Erratum to: Const Polit Econ DOI 10.1007/s10602-016-9224-8

In the original publication of the article, there is an error in Sect. 2.1. The model in the paper includes a probability of successfully avoiding interdiction when supplying illicit goods. In one paragraph, the article mistakenly refers to the probability of failing to avoid interdiction and includes the incorrect sign when comparing the quality of institutions between the two countries in the model, North and South. The reference should be to the probability of successfully avoiding interdiction. The following text corrects the mistake:

When considering the supply side of the model, I impose the restriction that illicit goods are produced using a Leontief technology, \( q_{z} = \hbox{min} (q(1), \ldots ,q(z)) \), where \( z \) represents the number of stages required to get the illicit good to market. Labor, \( L \), is the only factor of production hired in the intermediate good sectors. For each intermediate step, there is an independent probability of success of avoiding detection, where the overall probability of successful subversion is expressed as \( \rho (z) \). This means the output of a particular illicit commodity is \( \hbox{min} (l(1), \ldots ,l(z)) \) with probability \( \rho (z) \) and zero with probability \( 1 - \rho (z) \).
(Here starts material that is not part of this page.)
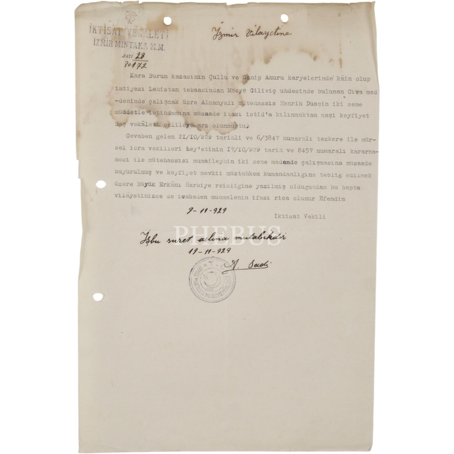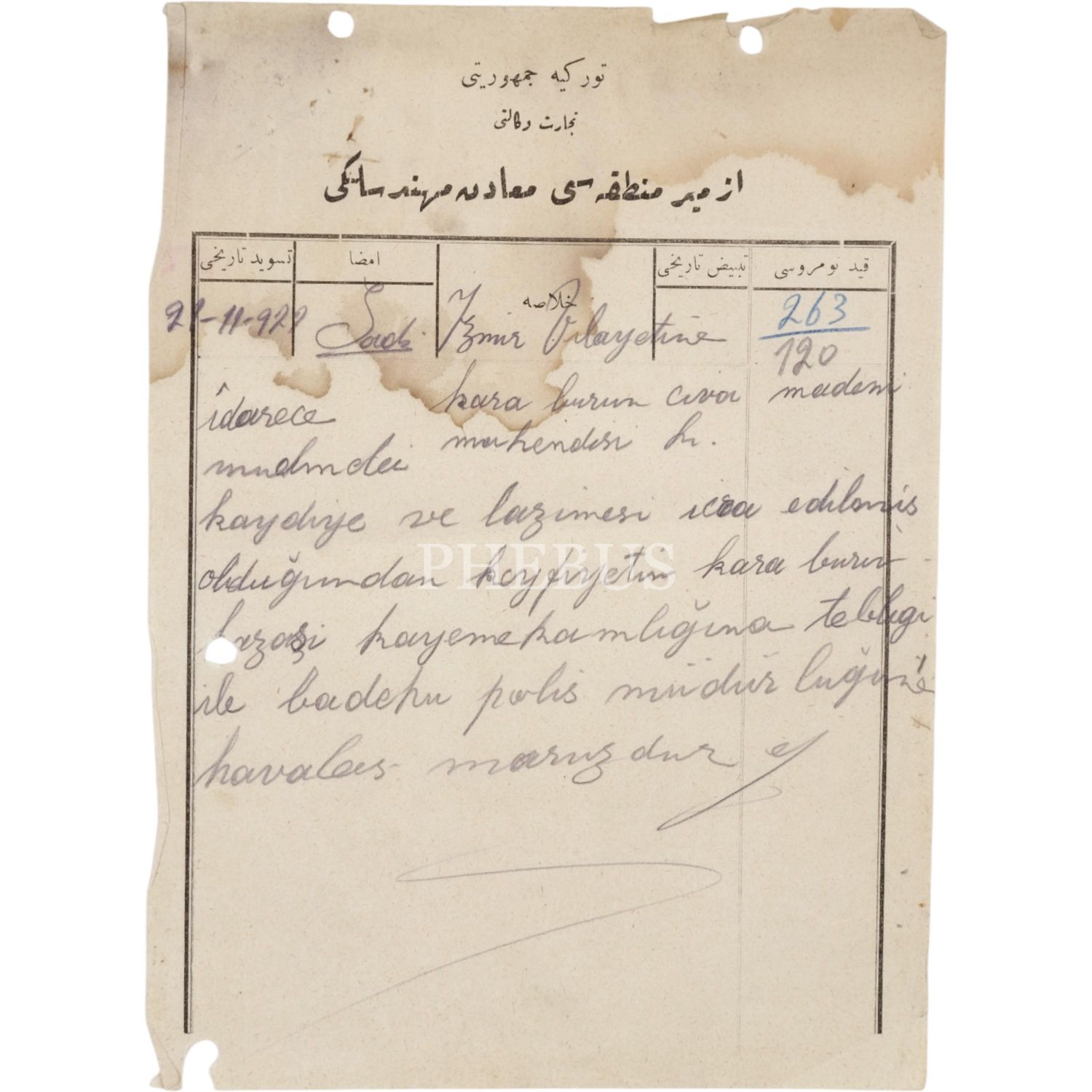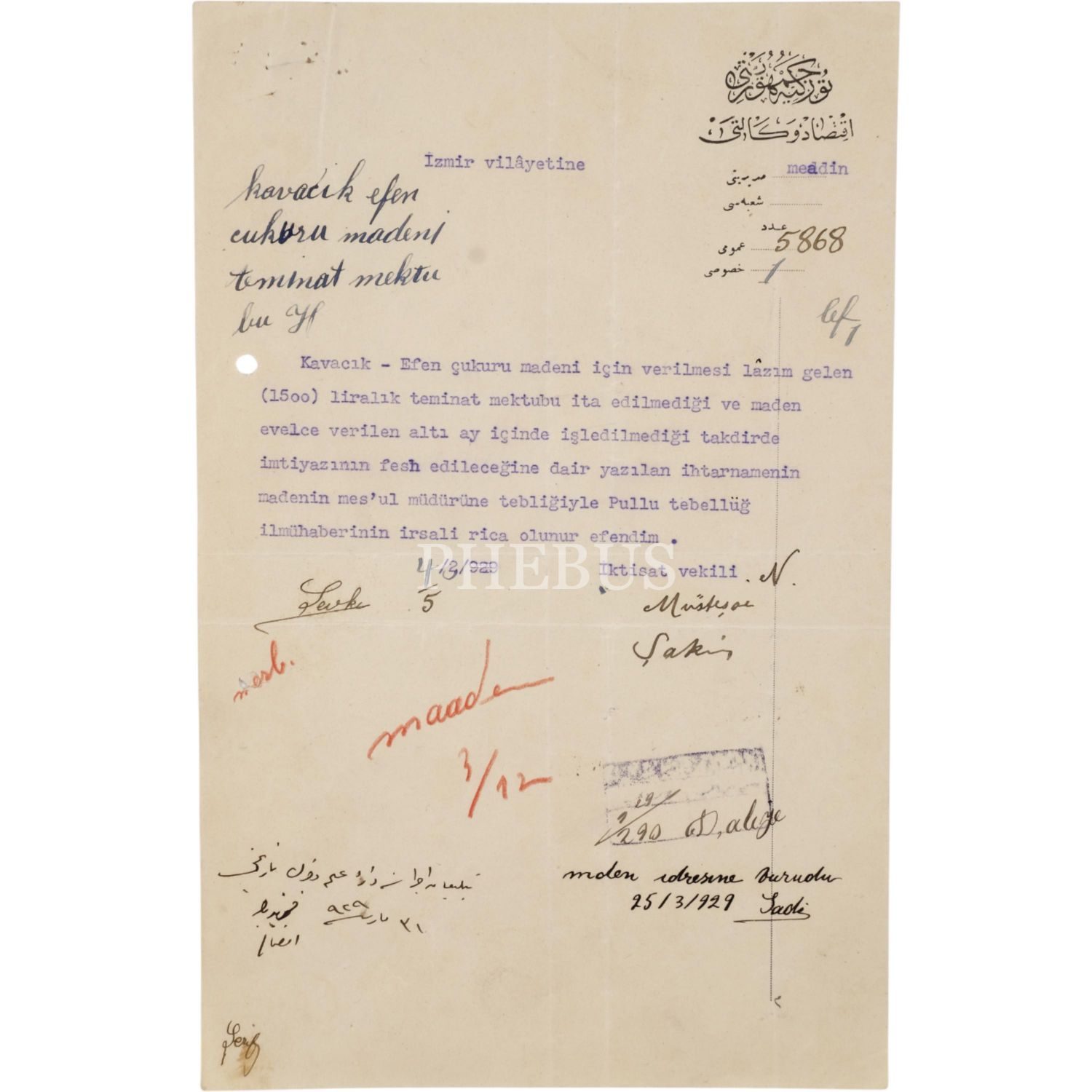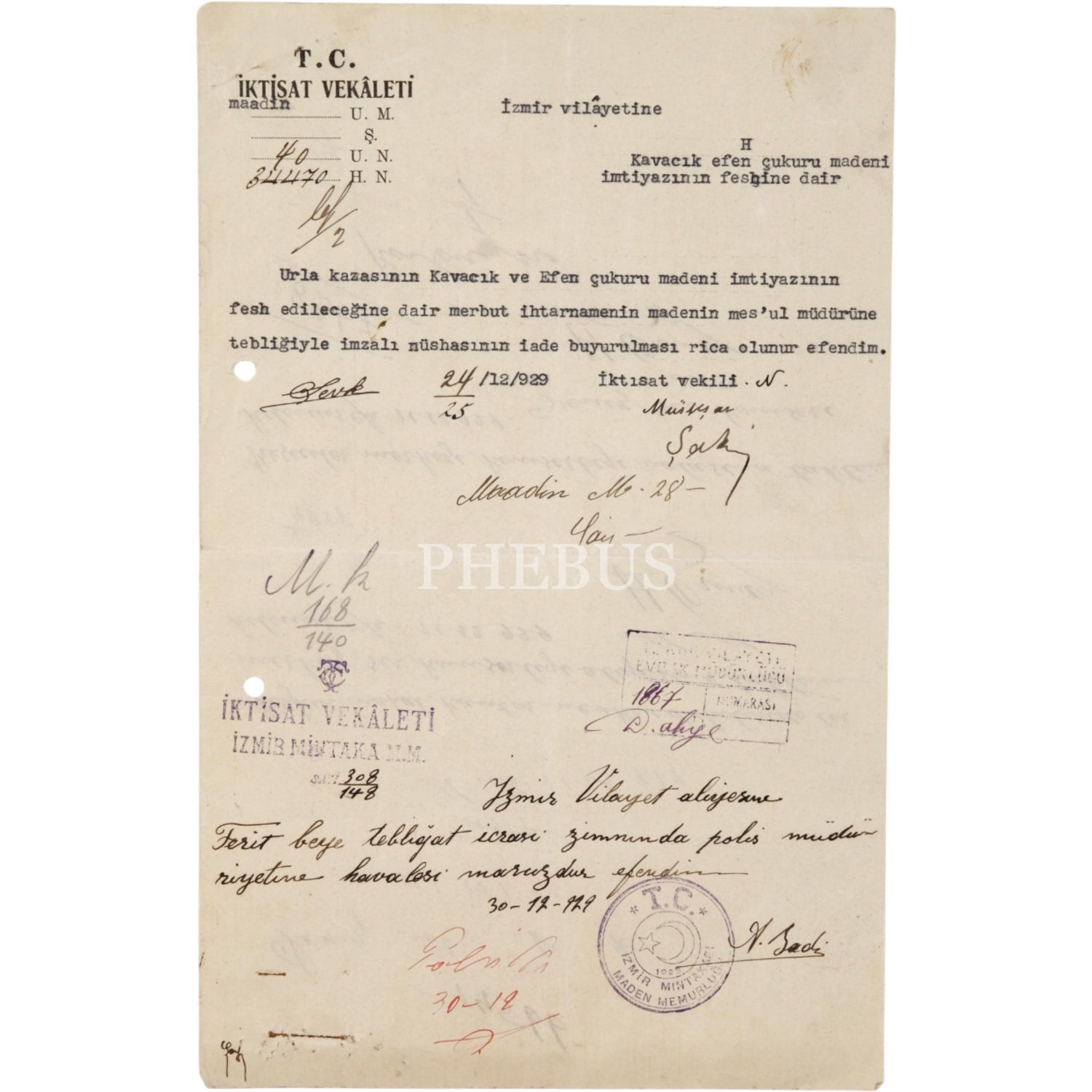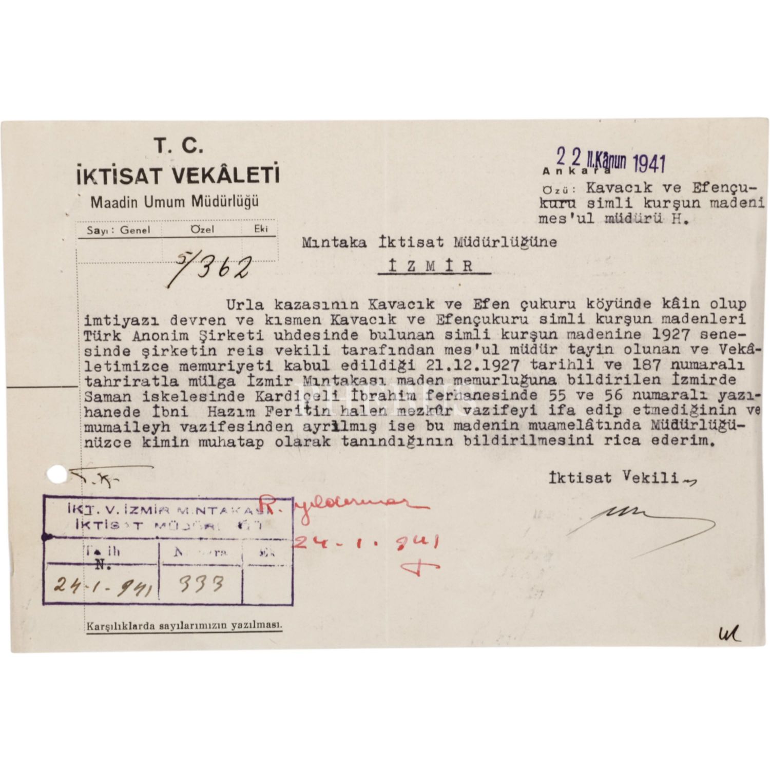 İzmir´in özellikle Efemçukuru, Kavacık ve Karaburun bölgelerinde, Osmanlı´nın son ve Cumhuriyet´in erken dönemlerinde kurulan altın ve simli kurşun madenleri hakkında çok sayıda evrak ve harita içeren lot...

As the complexity of production is rooted in the number of intermediate steps required in trade, a higher \( z \) means a greater number of opportunities for something to go wrong (i.e., \( d\rho /dz < 0 \)).

Suppose North and South differ in their institutional quality (enforcement of the rule of law). This is indicated by \( \rho_{N} (z) < \rho_{S} (z) \) for any \( z \), meaning North is relatively better at enforcing prohibition.

Based on the production technology, there are \( z \) intermediate steps in production and a probability of successful subversion equal to \( \rho (z) \), implying that the expected output per worker is given by \( \frac{\rho (z)}{z} \) in that industry. This implies that \( a^{N} (z) = \frac{z}{{\rho_{N} (z)}} \) and \( a^{S} (z) = \frac{z}{{\rho_{S} (z)}} \), which indicate that a higher institutional quality implies a greater unit labor requirement in illicit markets. This provides the result that comparative advantage will be divided along the continuum of goods according to unit labor costs, as indicated in the original article.

Finally, in Sect. 2.3, the possibility of corruption would allow South to expand its production of illicit goods through the increase of \( \rho_{S} (z) \) rather than decreasing it.